Analytic trajectory bootstrap for matrix models

Abstract: We revisit the large $N$ two-matrix model with $\text{tr}[A,B]^2$ interaction and quartic potentials by the analytic trajectory bootstrap, where $A$ and $B$ represent the two matrices. In the large $N$ limit, we can focus on the single trace moments associated with the words composed of the letters $A$ and $B$. Analytic continuations in the lengths of the words and subwords lead to analytic trajectories of single trace moments and intriguing intersections of different trajectories. Inspired by the one-cut solutions of one-matrix models, we propose some simple ansatzes for the singularity structure of the two-matrix generating functions and the corresponding single trace moments. Together with the self-consistent constraints from the loop equations, we determine the free parameters in the ansatzes and obtain highly accurate solutions for the two-matrix model at a low computational cost.
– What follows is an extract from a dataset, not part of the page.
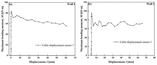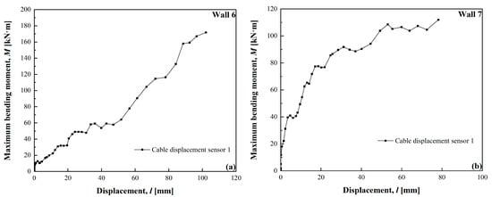 Figure 11 shows the bending moment development curves of wall 6 and wall 7. At the beginning, when displacement at various heights was approximately approaching 0 mm, cracks were not formed. With the increase in displacement, the retaining walls began to crack. The cracking moment of wall 6 was 16.8 kN·m, slightly higher than the performance of wall 2. However, the cracking moment of wall 7 was about 40.6 kN·m, meaning that cracking moment increased with the thickness of the concrete cover. After the cracking moment remained stable for a certain displacement, the maximum bending moment continued to increase in a stepwise fashion. Wall 6 and wall 7 were only loaded to a maximum displacement of 80 mm, but the maximum bending moment was likely to continue to increase with the further displacements.
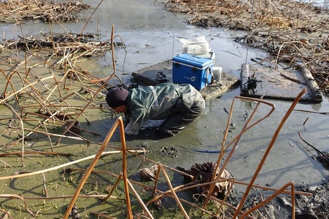 途中、レンコンを収穫する人を見つけました。 ↑

For a given length cutoff $L_\text{max}$, our results are within and more accurate than the positivity bounds from the relaxation method, such as about 6-digit accuracy for $L_\text{max}=18$. The convergence pattern suggests that we achieve about $8$-digit accuracy for $L_\text{max}=22$. As the singularity structure is closely related to the eigenvalue distributions, we further present the results for various types of eigenvalue densities. In the end, we study the symmetry breaking solutions using more complicated ansatzes.